Pasca Putusan MK, Pemerhati Demokrasi Soroti Netralitas Pejabat Daerah dan TNI/Polri
TAHUEKSPRES, SUMEDANG – Netralitas ASN kembali menjadi sorotan menjelang Pilkada 2024, pasca Mahkamah Konstitusi (MK) mengabulkan gugatan pada (14/11), perkara nomor 136/PUU-XXII/2024, yang memutuskan bahwa dengan tegas, pejabat daerah serta TNI/Polri dapat dijerat hukuman pidana apabila melakukan cawe-cawe atau melanggar netralitas di Pilkada.
Menyoroti hal tersebut, Wakil Koordinator Akademi Pemilu dan Demokrasi Sumedang, Mamay Siti M. Suhandi, menyebutkan bahwa netralitas sering kali tercederai saat pemilihan. Ia juga mengingatkan agar kasus Pemilu 2024 di Sumedang tidak terulang di Pilkada 2024.
“Netralitas ASN memang banyak tercederai ketika pemilihan, apalagi Pilkada yang kepentingan lokal daerahnya sangat besar. Diharapkan para ASN di Sumedang mampu berkomitmen menjaga netralitasnya. Dan yang utama adalah netralitas penyelenggara juga. Kita tidak berharap kasus Pemilu 2024 di Sumedang terulang di Pilkada 2024,” kata Mamay Siti M. Suhandi saat diwawancarai Tahu Ekspres, Rabu (20/11/2024).
Sebagai lembaga pengawas, lanjut Mamay, ia mengatakan Badan Pengawas Pemilihan Umum (Bawaslu) harus lebih jeli dalam mengawasi jalannya pemilihan, terutama dalam hal netralitas.
“Bawaslu sebagai lembaga pengawas beserta seluruh jajarannya harus jeli dalam pengawasan, terutama dalam tahapan kampanye ini.
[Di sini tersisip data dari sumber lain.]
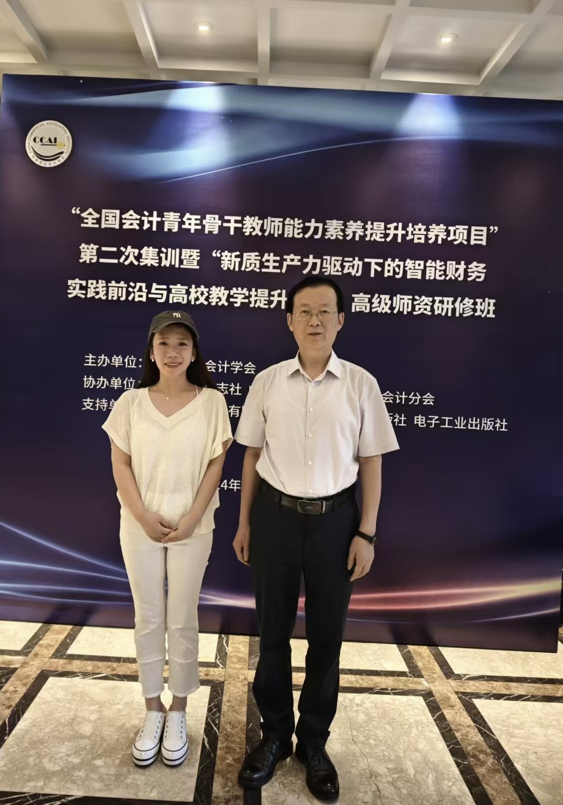2024年8月3日—7日,由中国商业会计学会举办的“新质生产力驱动下的智能财务实践前沿与高校教学提升策略”师资研修班在哈尔滨隆重开班,本期研修班旨在通过前沿理论与实践案例的高质量课程研讨和交流,帮助打开思维边界,拓宽理论与实践视野,进一步提升高校智能财务领域的研究能力和教学水平。我院财会系主任欧阳歆、青年教师夏梦瑗参加了本次研修,本次活动得到了智能会计产业学院的全程支持。
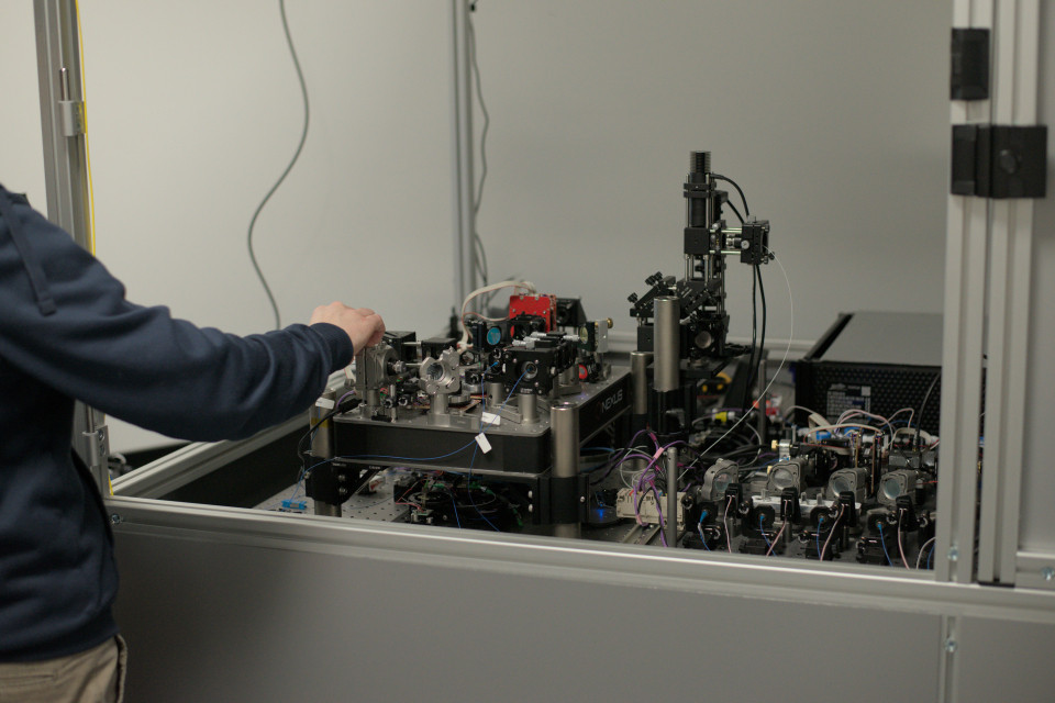 En sortie de l’interféromètre, les photons sont détectés par des détecteurs de photons supraconducteurs ultra sensibles, capables de détecter un photon avec une précision de l’ordre de la picoseconde.
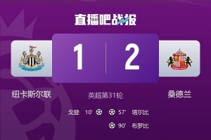 这场失利让纽卡被死敌桑德兰反超积分,黑猫43分排名第11,喜鹊军团42分排名第12。

Tidak hanya ASN, tetapi juga aparatur pemerintahan lainnya sampai ke tingkat desa harus diawasi agar tidak ada pelanggaran-pelanggaran terkait netralitas,” ucapnya.
Ia juga menambahkan bahwa agar pemahaman regulasi dapat dipahami oleh semua pihak, sosialisasi harus dilakukan secara terus-menerus.
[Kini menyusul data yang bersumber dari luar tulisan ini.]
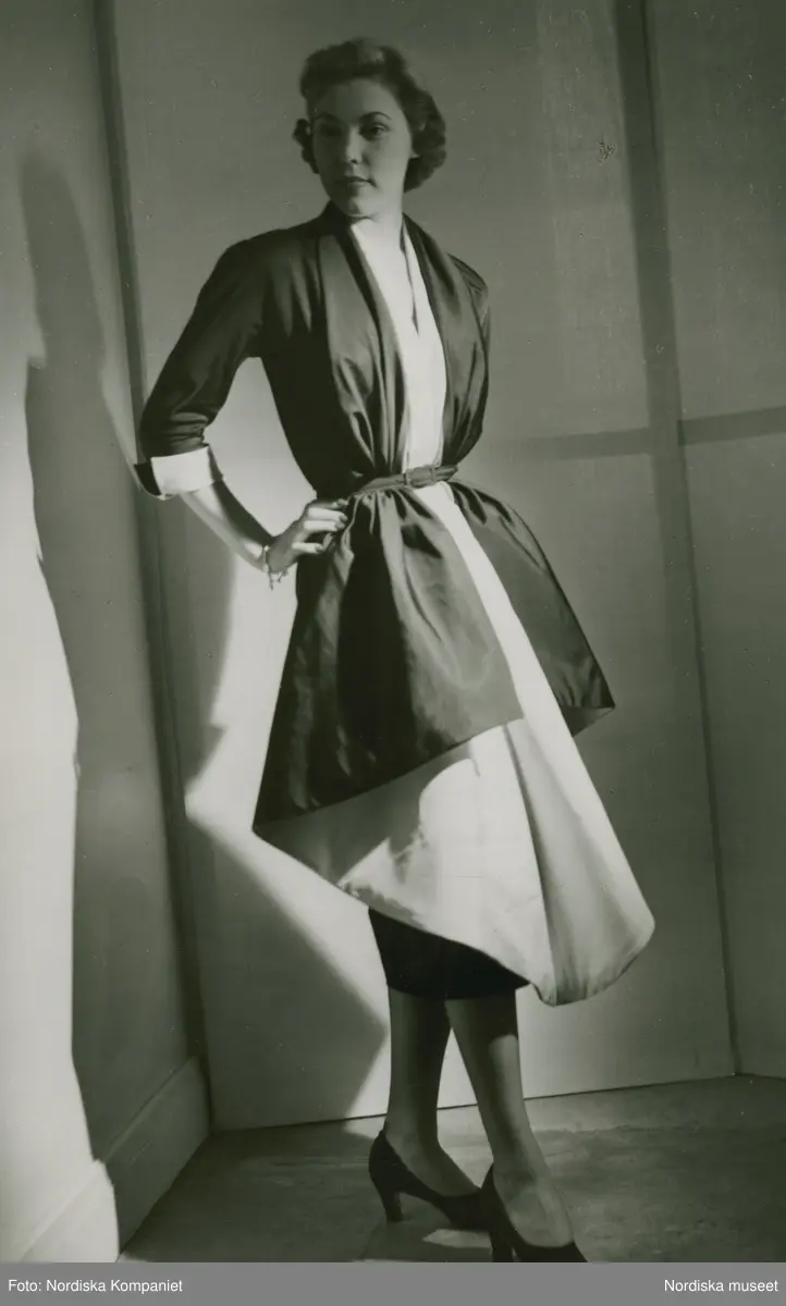 Modell i tvåfärgad klänning med skärp och pumps.
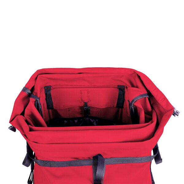 Рюкзак закривається на ролл-топ. В поєднанні з бічними стяжками це дозволяє регулювати об’єм рюкзака від 30л до 85л.

“Sosialisasi pengawasan juga harus terus-menerus disampaikan, agar semua pihak memahami regulasi terkait apa yang termasuk pelanggaran dan apa yang diperbolehkan,” tambah Mamay.
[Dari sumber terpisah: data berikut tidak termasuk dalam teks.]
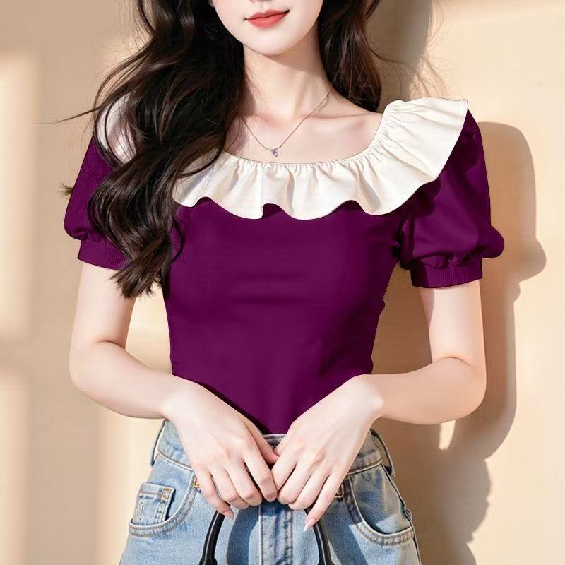 百搭设计感小衫 韩系撞色圆领短袖 上衣时尚 荷叶边泡泡袖 t恤女夏季
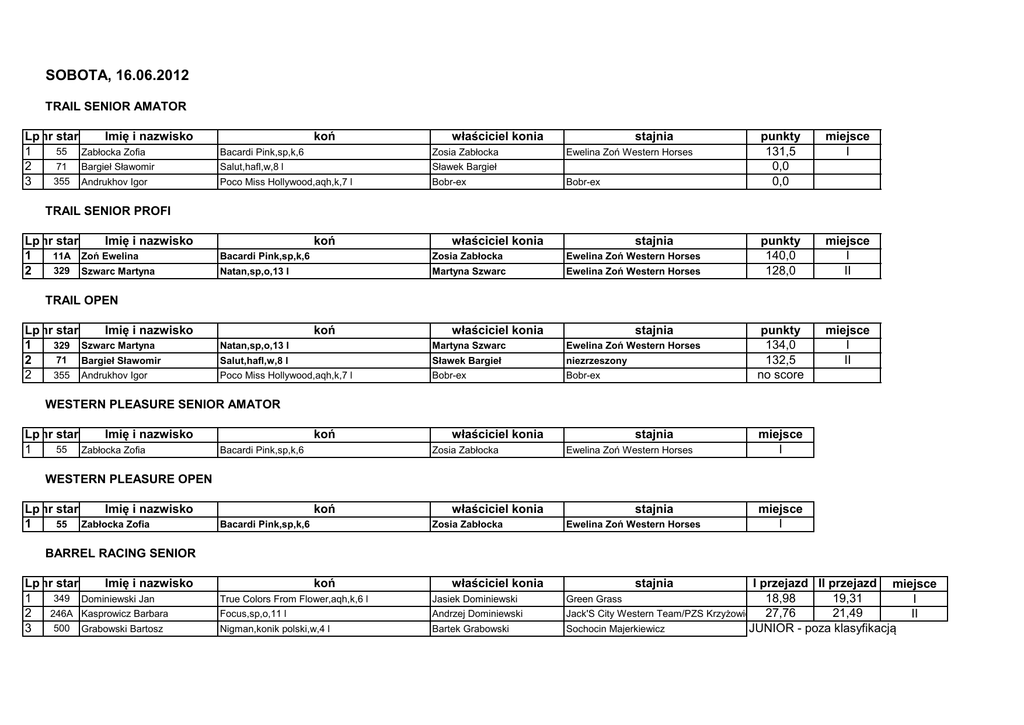 SOBOTA, 16.06.2012 TRAIL SENIOR AMATOR Lpnr start Imię i nazwisko 55 Zabłocka Zofia 1 71 Bargieł Sławomir 2 355 3 Andrukhov Igor koń właściciel konia Bacardi Pink,sp,k,6 Zosia Zabłocka Salut,hafl,w,8 l Sławek Bargieł Poco Miss Hollywood,aqh,k,7 l Bobr-ex stajnia Ewelina Zoń Western Horses Bobr-ex punkty 131,5 0,0 0,0 miejsce I punkty 140,0 128,0 miejsce I II punkty 134,0 132,5 no score miejsce I II TRAIL SENIOR PROFI Lpnr start Imię i nazwisko 11A Zoń Ewelina 1 329 Szwarc Martyna 2 koń właściciel konia stajnia Bacardi Pink,sp,k,6 Zosia Zabłocka Ewelina Zoń Western Horses Natan,sp,o,13 l Martyna Szwarc Ewelina Zoń Western Horses TRAIL OPEN Lpnr start Imię i nazwisko 329 Szwarc Martyna 1 71 Bargieł Sławomir 2 355 Andrukhov Igor 2 koń właściciel konia stajnia Natan,sp,o,13 l Martyna Szwarc Ewelina Zoń Western Horses Salut,hafl,w,8 l Sławek Bargieł niezrzeszony Poco Miss Hollywood,aqh,k,7 l Bobr-ex Bobr-ex WESTERN PLEASURE SENIOR AMATOR Lpnr start Imię i nazwisko 55 Zabłocka Zofia 1 koń właściciel konia Zosia Zabłocka Bacardi Pink,sp,k,6 stajnia Ewelina Zoń Western Horses miejsce I WESTERN PLEASURE OPEN Lpnr start Imię i nazwisko 55 Zabłocka Zofia 1 koń właściciel konia Zosia Zabłocka Bacardi Pink,sp,k,6 stajnia Ewelina Zoń Western Horses miejsce I BARREL RACING SENIOR Lpnr start Imię i nazwisko 349 Dominiewski Jan 1 246A Kasprowicz Barbara 2 500 Grabowski Bartosz 3 koń właściciel konia True Colors From Flower,aqh,k,6 l Jasiek Dominiewski Focus,sp,o,11 l Andrzej Dominiewski Nigman,konik polski,w,4 l Bartek Grabowski stajnia I przejazd II przejazd miejsce 18,98 19,31 I Jack'S City Western Team/PZS Krzyżowice 27,76 21,49 II Sochocin Majerkiewicz JUNIOR - poza klasyfikacją Green Grass POLE BENDING SENIOR Lpnr start Imię i nazwisko 349 Dominiewski Jan 1 246A Kasprowicz Barbara 2 500 Grabowski Bartosz 3 koń właściciel konia True Colors From Flower,aqh,k,6 l Jasiek Dominiewski Focus,sp,o,11 l Andrzej Dominiewski Nigman,konik polski,w,4 l Bartek Grabowski stajnia I przejazd II przejazd miejsce 27,68 33,65 I Jack'S City Western Team/PZS Krzyżowice 33,48 31,87 II Sochocin Majerkiewicz JUNIOR - poza klasyfikacją Green Grass REINING SENIOR PROFI Lpnr start Imię i nazwisko 60A Żarnawski Michał 1 60 Żarnawski Michał 2 11 Zoń Ewelina 3 koń właściciel konia stajnia punkty 132,0 131,5 0,0 miejsce I II stajnia punkty 133,0 133,0 129,5 120,0 0,0 dogrywka 138,0 136,0 stajnia punkty 17,0 14,0 10,0 miejsce I II III Jacs Golden Slide,aqh,w,6 l Iza Żarnawska WRC Bronco Top C Golden Mr Right,aqh,w,10 l Adam Pyskło WRC Bronco Ferdek,nn,o,4 l Borys Pardus Ewelina Zoń Western Horses REINING OPEN Lpnr start Imię i nazwisko 383 Ciok Andrzej 1 60 Żarnawski Michał 2 60A Żarnawski Michał 3 400 Sulich Piotr 4 355 Andrukhov Igor 5 koń właściciel konia Frozen Slide,aqh,k,8 l Andrzej Ciok Ranch 4 you Top C Golden Mr Right,aqh,w,10 l Adam Pyskło WRC Bronco Jacs Golden Slide,aqh,w,6 l Iza Żarnawska WRC Bronco Miss Bronco Bardell,aqh,k,5 l Piotr Sulich Parmex Ranch Poco Miss Hollywood,aqh,k,7 l Bobr-ex Bobr-ex KING HORSE WESTERN FREESTYLE Lp 1 2 3 Imię i nazwisko koń właściciel konia Zabłocka Zofia Bacardi Pink,sp,k,6 Zosia Zabłocka Polikarpow Magdalena Hesa Tough Peppy,aqh,w,7 l Magda Polikarpow Sikorski Piotr Bacardi Pink,sp,k,6 Zosia Zabłocka Ewelina Zoń Western Horses Ewelina Zoń Western Horses miejsce I II III

Mamay juga berharap, jika terdapat indikasi pelanggaran, hal tersebut harus segera ditindaklanjuti tanpa tebang pilih, jika memang terbukti melanggar.
“Dan yang pasti, jika terjadi pelanggaran, harus segera ditindaklanjuti tanpa tebang pilih. Paslon dan tim paslon mana pun, jika melanggar, harus diberi sanksi jika terbukti melakukan pelanggaran,” pungkasnya.